• **DATASET RECORDS**:
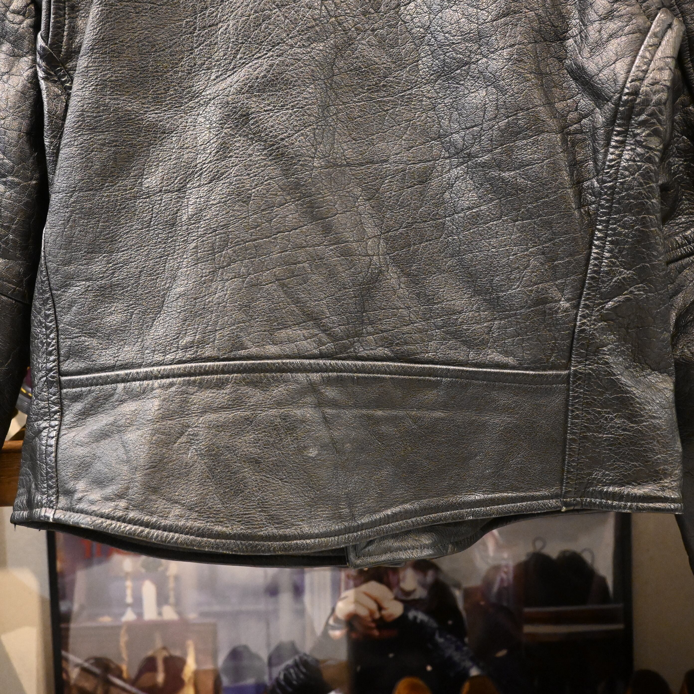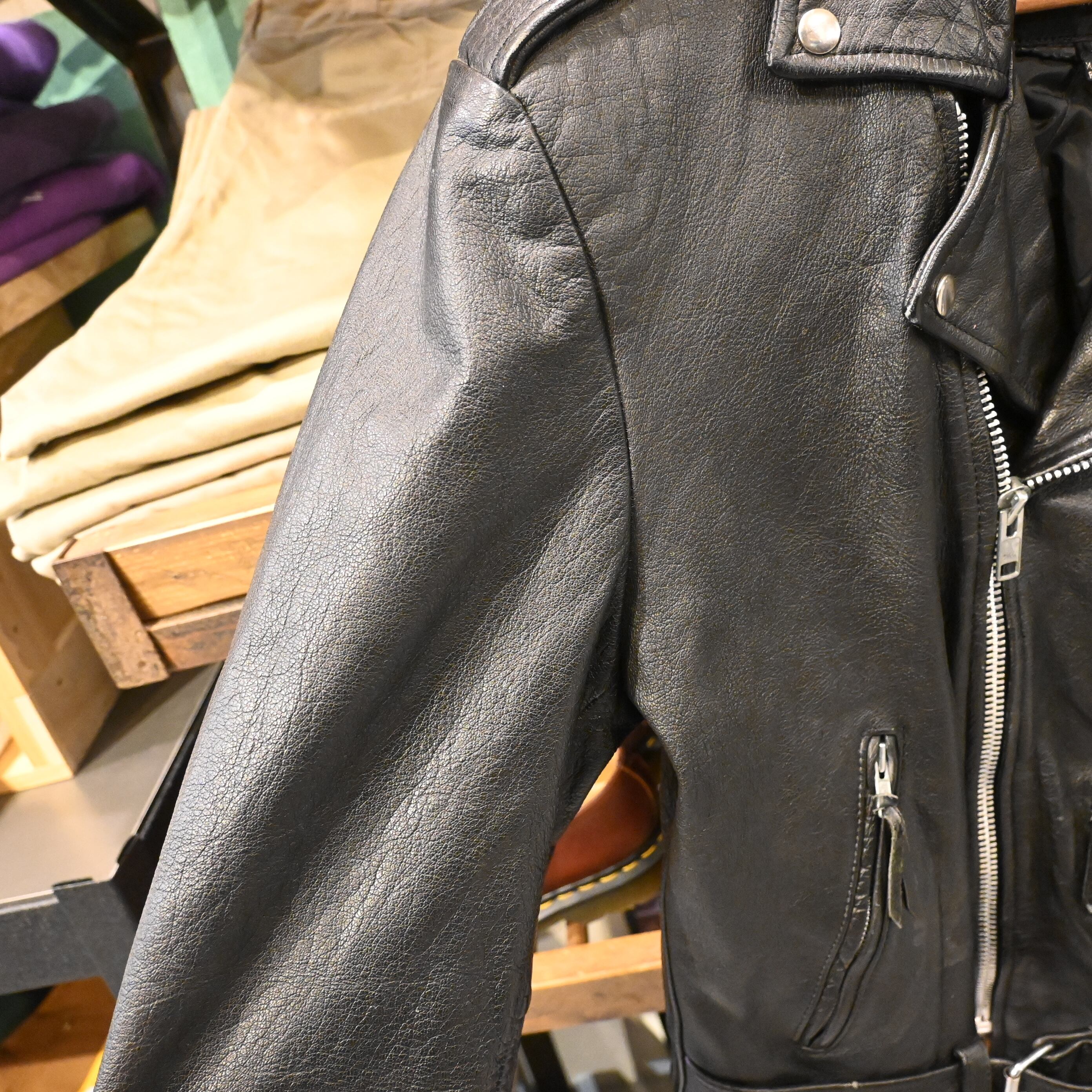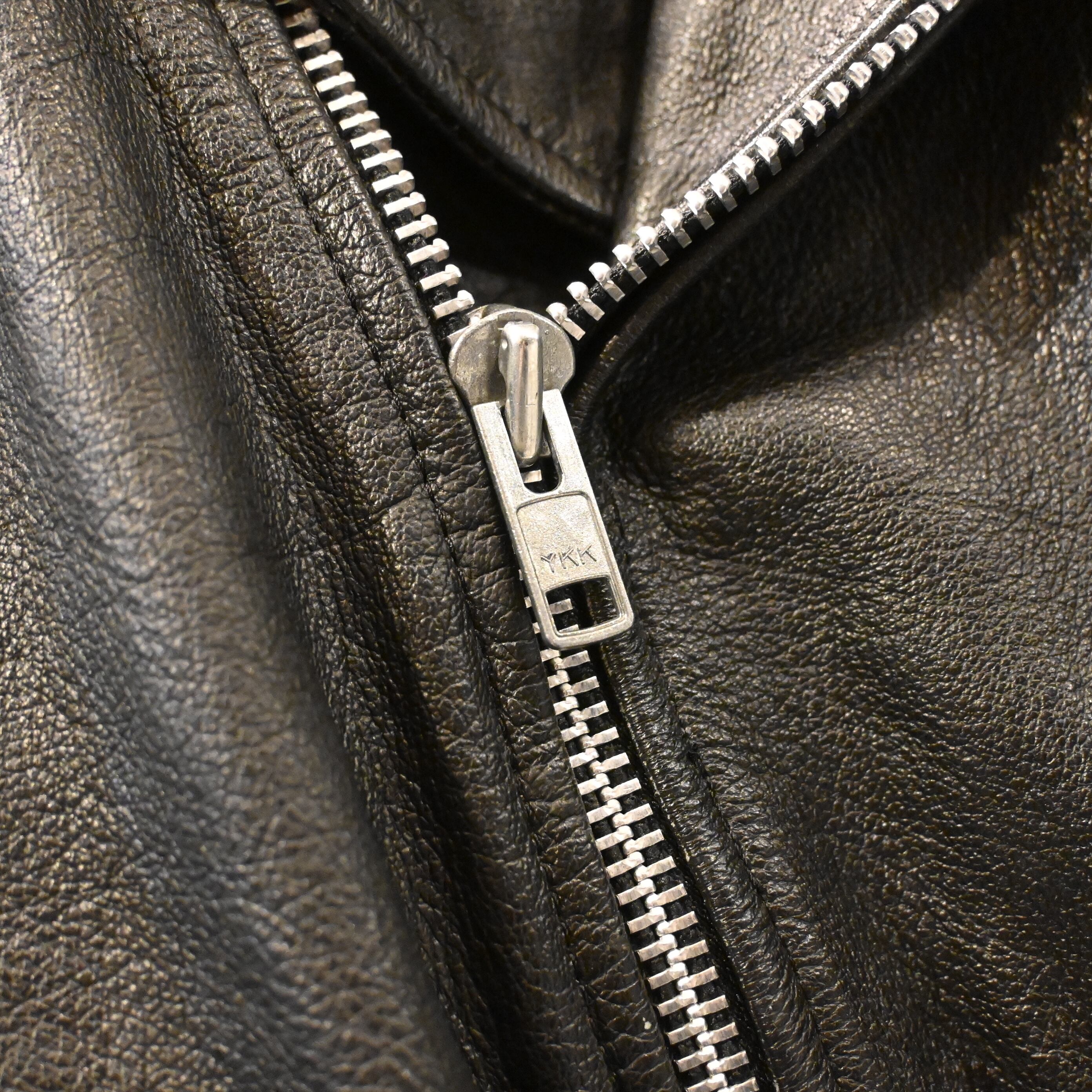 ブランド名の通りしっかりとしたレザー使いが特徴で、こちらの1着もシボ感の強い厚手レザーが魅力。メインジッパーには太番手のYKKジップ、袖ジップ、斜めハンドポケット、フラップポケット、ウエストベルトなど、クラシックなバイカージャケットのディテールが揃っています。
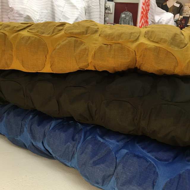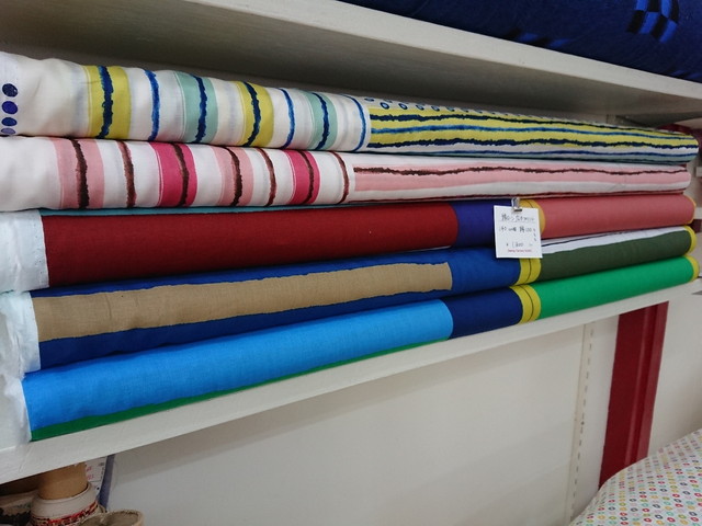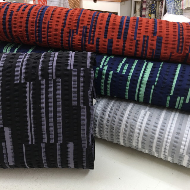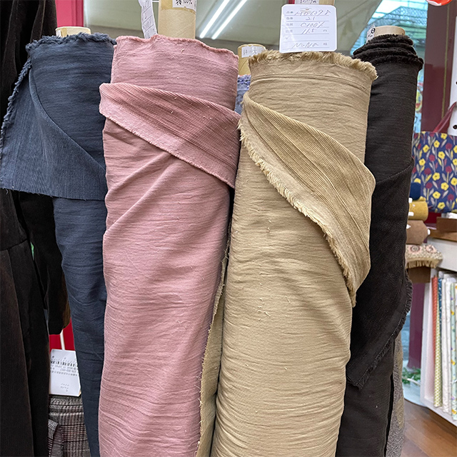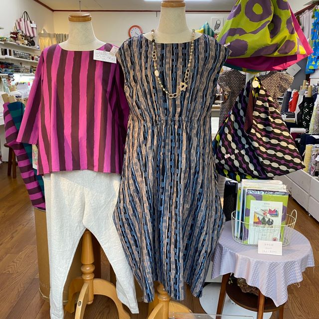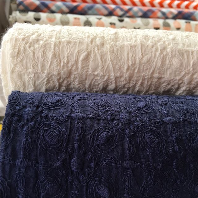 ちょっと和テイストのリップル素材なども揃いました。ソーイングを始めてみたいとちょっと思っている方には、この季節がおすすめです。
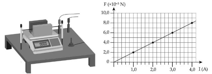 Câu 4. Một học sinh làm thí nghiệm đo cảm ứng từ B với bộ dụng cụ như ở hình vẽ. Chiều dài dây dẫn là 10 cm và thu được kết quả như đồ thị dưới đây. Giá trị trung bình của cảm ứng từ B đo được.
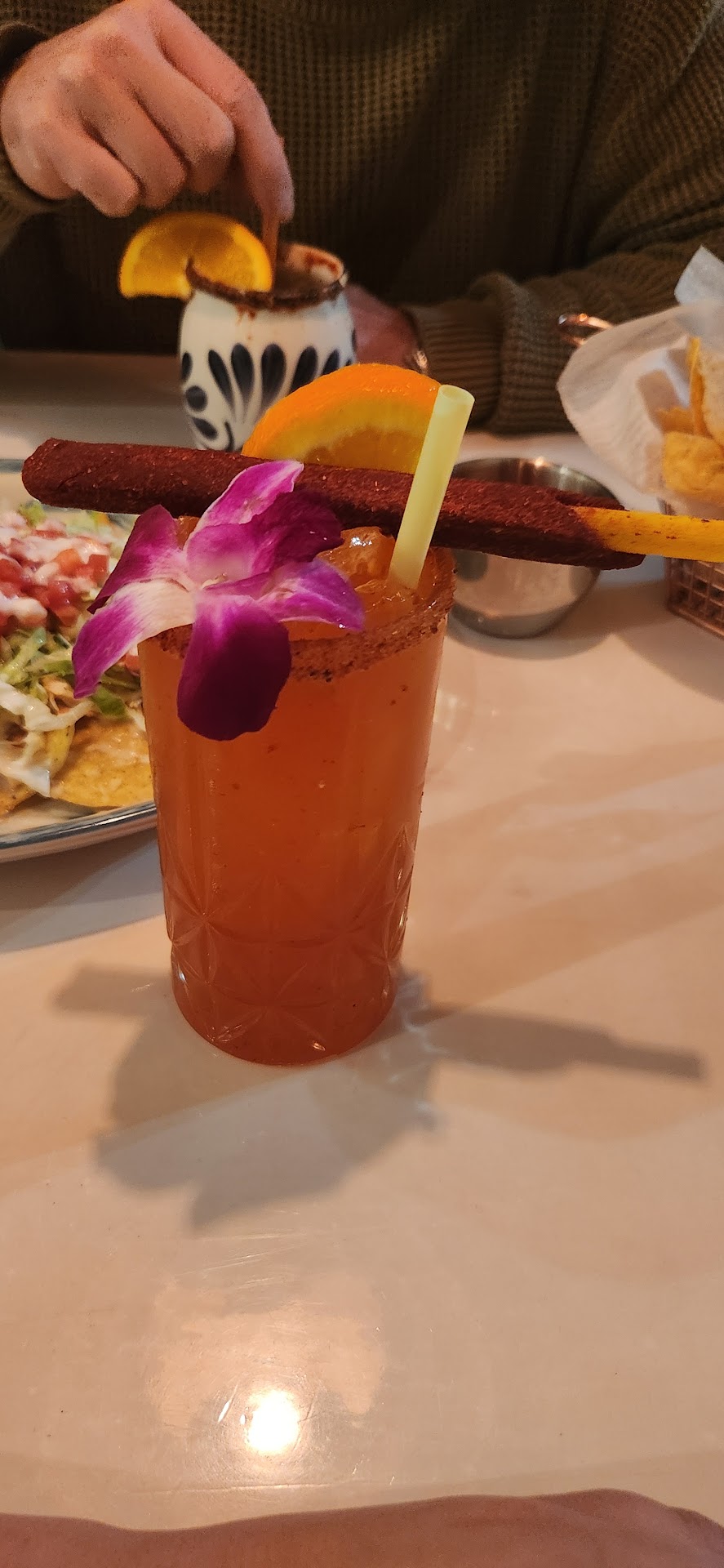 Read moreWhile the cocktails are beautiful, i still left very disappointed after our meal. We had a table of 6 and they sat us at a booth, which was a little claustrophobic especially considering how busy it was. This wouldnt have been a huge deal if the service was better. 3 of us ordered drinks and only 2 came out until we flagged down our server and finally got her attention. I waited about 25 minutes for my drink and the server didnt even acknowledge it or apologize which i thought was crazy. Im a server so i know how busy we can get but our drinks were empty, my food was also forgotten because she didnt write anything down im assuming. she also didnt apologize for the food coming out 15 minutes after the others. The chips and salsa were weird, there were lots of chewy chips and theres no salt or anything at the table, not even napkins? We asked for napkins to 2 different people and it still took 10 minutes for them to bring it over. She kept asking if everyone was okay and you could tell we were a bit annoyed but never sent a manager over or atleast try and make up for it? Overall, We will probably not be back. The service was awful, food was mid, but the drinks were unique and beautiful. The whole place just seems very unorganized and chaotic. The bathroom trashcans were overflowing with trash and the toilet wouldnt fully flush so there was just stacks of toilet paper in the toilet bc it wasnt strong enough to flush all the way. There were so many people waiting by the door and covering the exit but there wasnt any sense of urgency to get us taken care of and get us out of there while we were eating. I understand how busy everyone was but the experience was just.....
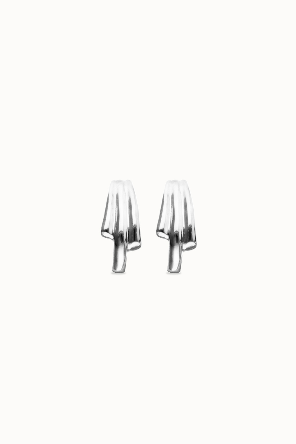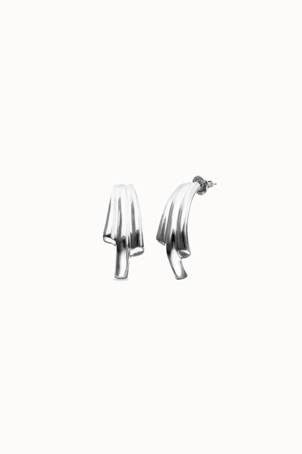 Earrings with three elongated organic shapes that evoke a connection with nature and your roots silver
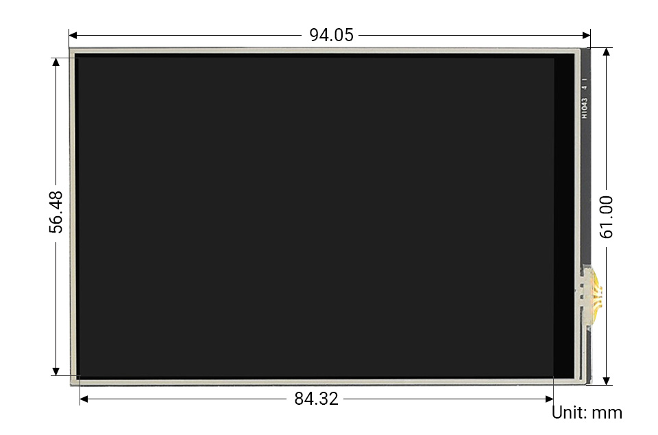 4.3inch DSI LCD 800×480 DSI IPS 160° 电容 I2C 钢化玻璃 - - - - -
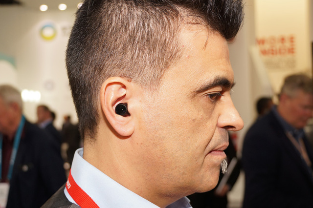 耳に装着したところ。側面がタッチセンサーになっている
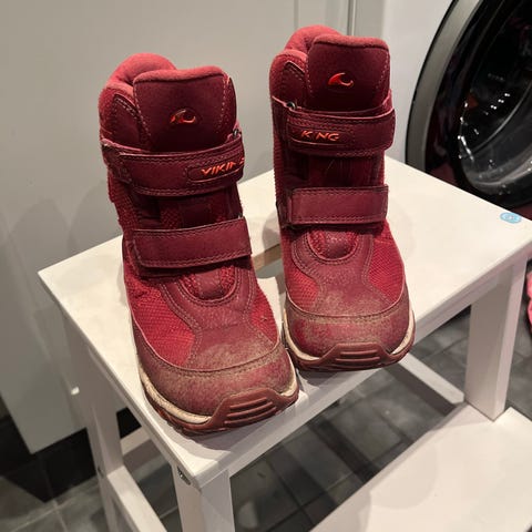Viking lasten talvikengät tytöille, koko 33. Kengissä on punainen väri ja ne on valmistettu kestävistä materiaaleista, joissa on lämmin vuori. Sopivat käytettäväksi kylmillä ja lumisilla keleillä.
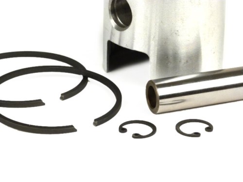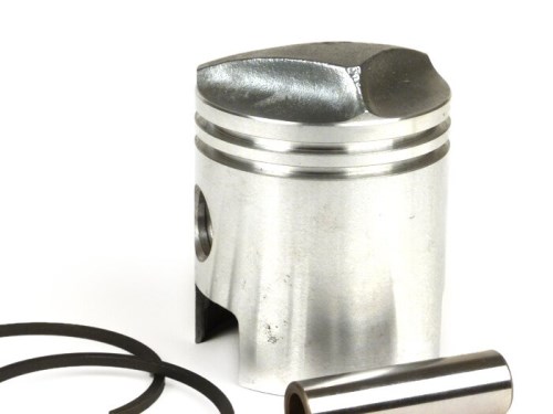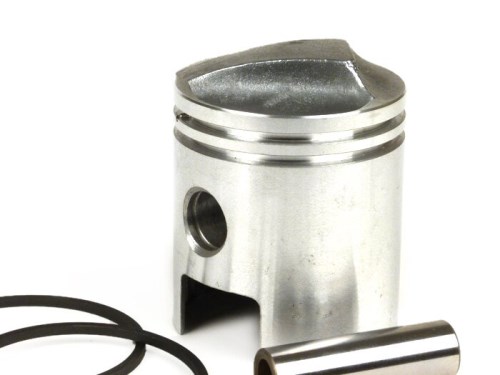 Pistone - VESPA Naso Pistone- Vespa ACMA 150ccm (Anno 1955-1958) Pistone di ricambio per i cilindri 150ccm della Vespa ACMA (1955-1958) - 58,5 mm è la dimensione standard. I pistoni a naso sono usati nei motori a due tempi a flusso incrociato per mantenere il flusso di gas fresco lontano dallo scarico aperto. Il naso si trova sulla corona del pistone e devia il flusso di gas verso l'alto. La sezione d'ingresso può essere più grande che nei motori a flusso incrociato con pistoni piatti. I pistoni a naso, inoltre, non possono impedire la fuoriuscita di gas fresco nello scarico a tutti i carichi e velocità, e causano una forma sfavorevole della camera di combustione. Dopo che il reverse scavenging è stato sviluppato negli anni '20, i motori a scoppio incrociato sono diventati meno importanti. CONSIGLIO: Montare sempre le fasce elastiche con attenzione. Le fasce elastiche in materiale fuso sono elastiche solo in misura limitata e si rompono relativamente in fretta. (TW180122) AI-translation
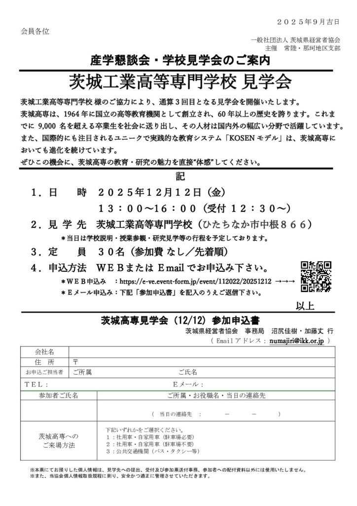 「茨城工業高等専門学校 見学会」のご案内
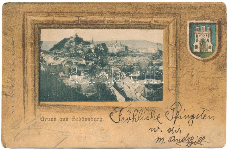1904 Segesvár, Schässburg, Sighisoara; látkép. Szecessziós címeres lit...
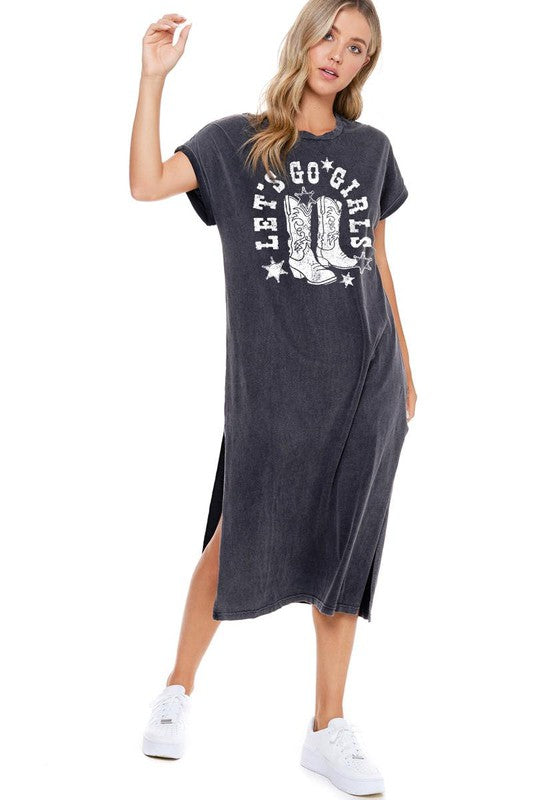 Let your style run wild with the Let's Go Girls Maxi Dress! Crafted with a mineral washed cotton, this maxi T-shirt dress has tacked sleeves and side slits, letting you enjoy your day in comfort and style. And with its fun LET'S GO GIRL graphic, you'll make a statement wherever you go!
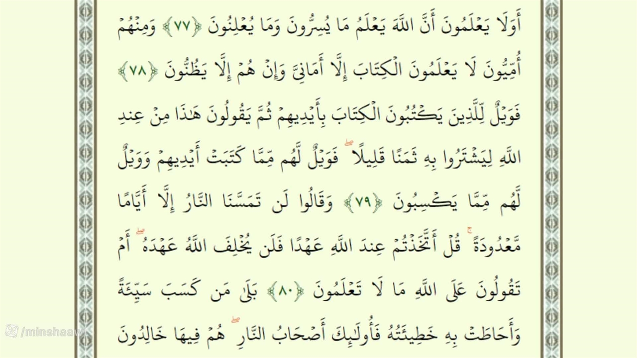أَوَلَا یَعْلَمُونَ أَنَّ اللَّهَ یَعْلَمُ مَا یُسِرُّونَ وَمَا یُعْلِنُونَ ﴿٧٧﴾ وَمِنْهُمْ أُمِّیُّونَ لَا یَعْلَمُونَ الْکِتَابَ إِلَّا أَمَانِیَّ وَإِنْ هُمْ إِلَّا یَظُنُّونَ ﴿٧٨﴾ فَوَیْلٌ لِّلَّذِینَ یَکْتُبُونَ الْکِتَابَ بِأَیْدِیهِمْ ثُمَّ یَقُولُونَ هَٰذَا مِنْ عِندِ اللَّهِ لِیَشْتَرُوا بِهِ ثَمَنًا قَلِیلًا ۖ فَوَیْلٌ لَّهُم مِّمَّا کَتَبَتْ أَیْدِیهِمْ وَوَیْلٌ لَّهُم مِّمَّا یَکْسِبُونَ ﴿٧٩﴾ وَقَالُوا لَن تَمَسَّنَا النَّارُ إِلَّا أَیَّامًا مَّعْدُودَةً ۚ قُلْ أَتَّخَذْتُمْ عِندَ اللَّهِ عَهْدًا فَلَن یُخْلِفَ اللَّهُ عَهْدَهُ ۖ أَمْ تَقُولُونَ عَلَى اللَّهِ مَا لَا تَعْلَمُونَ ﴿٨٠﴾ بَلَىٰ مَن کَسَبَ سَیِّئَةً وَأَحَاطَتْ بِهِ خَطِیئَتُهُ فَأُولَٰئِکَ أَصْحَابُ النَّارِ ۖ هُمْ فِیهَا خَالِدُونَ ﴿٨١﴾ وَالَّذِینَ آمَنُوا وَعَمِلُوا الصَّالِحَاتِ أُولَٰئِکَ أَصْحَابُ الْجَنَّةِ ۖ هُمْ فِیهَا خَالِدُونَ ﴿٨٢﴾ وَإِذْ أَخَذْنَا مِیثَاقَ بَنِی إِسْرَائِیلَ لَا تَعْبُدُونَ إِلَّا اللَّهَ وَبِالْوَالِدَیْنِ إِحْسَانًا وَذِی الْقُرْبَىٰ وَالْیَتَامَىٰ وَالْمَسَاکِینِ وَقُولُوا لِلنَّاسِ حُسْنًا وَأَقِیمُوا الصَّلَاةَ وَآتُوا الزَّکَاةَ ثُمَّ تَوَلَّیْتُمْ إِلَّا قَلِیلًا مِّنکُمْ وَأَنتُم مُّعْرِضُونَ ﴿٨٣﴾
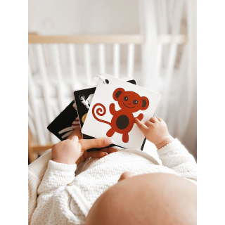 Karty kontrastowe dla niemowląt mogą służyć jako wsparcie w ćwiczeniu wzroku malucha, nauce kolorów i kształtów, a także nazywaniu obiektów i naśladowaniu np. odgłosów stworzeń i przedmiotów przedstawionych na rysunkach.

• **THE TASK**: Restate word for word every line from the one with "耳に装着したところ。側面がタッチセンサーになっている" up to and including the one with "Viking lasten talvikengät" in the records above, minus the pictures.

• **TASK OUTPUT**:
 耳に装着したところ。側面がタッチセンサーになっている
Viking lasten talvikengät tytöille, koko 33. Kengissä on punainen väri ja ne on valmistettu kestävistä materiaaleista, joissa on lämmin vuori. Sopivat käytettäväksi kylmillä ja lumisilla keleillä.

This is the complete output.